Distribution grid neglected

Minister of Mining and Energy Zorana Mihajlović said this morning 30% of the company’s production capacity was still out and that 126,000 consumers were without electricity on December 12.

Mihajlović: Distribution system operator EDS needs major investment over several years

The municipality of Obrenovac and the town itself were mostly without electricity, central heating and water. Elsewhere in Serbia, power outages were registered mostly in rural areas. The people there are complaining that the distribution network, run by government-controlled Elektrodistribucija Srbije (EDS), has been neglected for many years and that it is getting worse. It raises questions about who is responsible that they are marginalized.

Minister Mihajlović, who is also deputy prime minister, said EDS, Serbia’s distribution system operator, requires major investment over several years and admitted maintenance has long been insufficient. The company was separated from EPS one year ago.

Serbia has been paying more than EUR 10 million for electricity imports per day since the breakdown.
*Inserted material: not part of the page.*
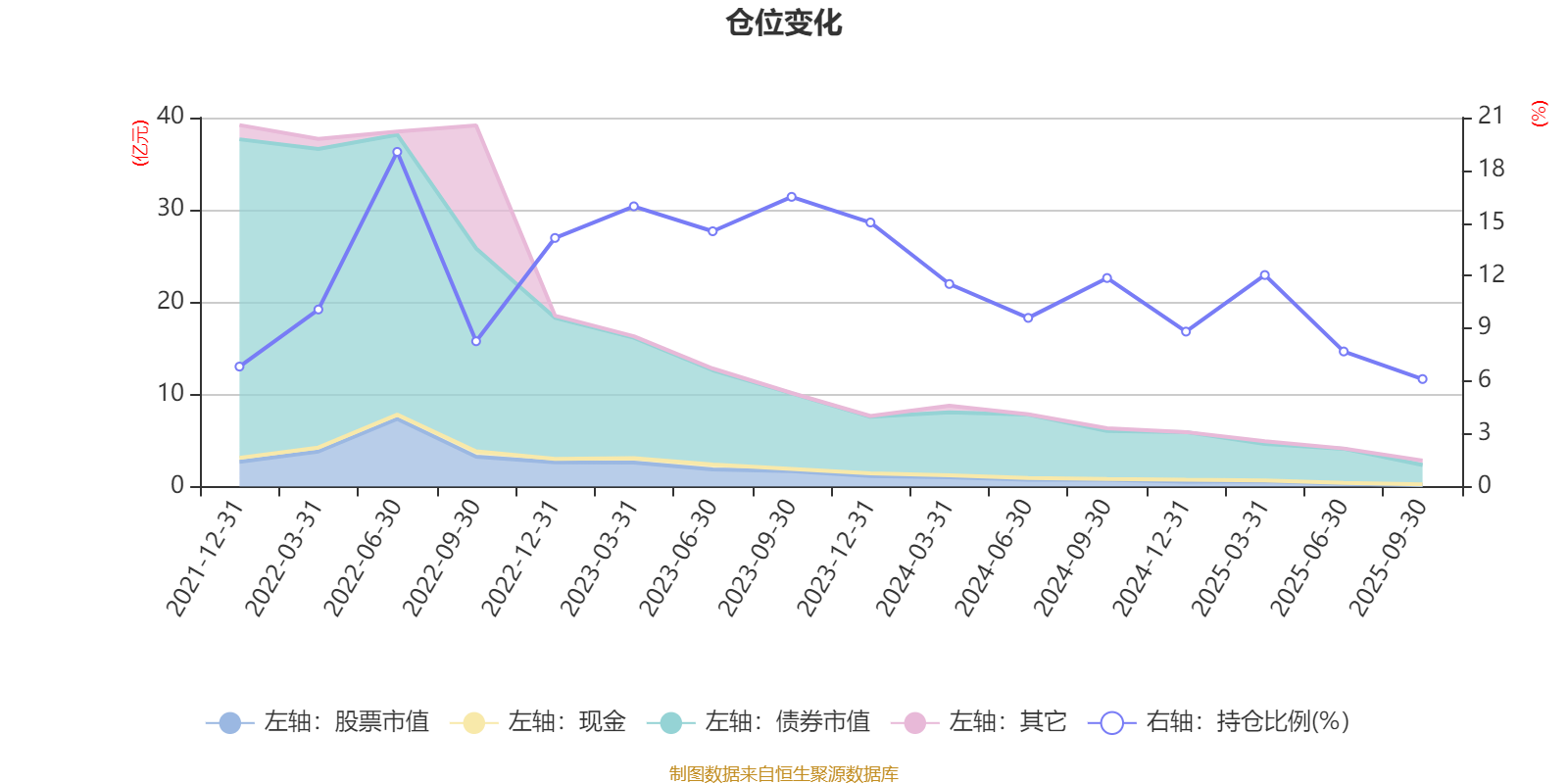 据定期报告数据统计,近三年平均股票仓位为11.99%,同类平均为19.04%。2022年上半年末基金达到19.05%的最高仓位,2025年三季度末最低,为6.12%。

Vučić acknowledged the financial impact would be serious.

Renewables are best bet for Serbia’s energy future

Professor Nikola Rajaković from the School of Electrical Engineering at the University of Belgrade told Balkan Green Energy News that, low-quality lignite aside, not much can be done anymore with the oldest coal power units as some are half a century old.

“Serbia will have to gradually shut them down, but not before installing the capacities to replace them. Scientists and experts are aware of the intermittence challenges in the case of reliance on solar and wind power, but they are leaning more and more toward such a switch as new storage and flexibilization solutions are becoming available,” Rajaković stressed and estimated a breakthrough “is within reach.”

Emerging storage and flexibility solutions, demand response and sector coupling could enable a full switch to renewables, according to Professor Nikola Rajaković

Stability with renewables can be significantly helped with sector coupling, for instance by turning excess wind and solar power to heat and hydrogen for other uses, the professor underscored. Rajaković pointed to demand response as another important factor – a drop in supply can be offset by a coordinated reduction in demand among consumers.

Gas is “a perfect transitional solution” while Serbia should turn to nuclear power only if the issues with renewables can’t be overcome, he asserted. On the other hand, the country has no experience with the technology and the smaller, modular nuclear power plants still aren’t tested enough, according to Rajaković.

Of note, Kosovo* has just suffered another in a series of outages at its coal plants over the past several weeks, and one unit at the REK Bitola coal complex in North Macedonia was shut down a month ago amid a large fire at a substation there.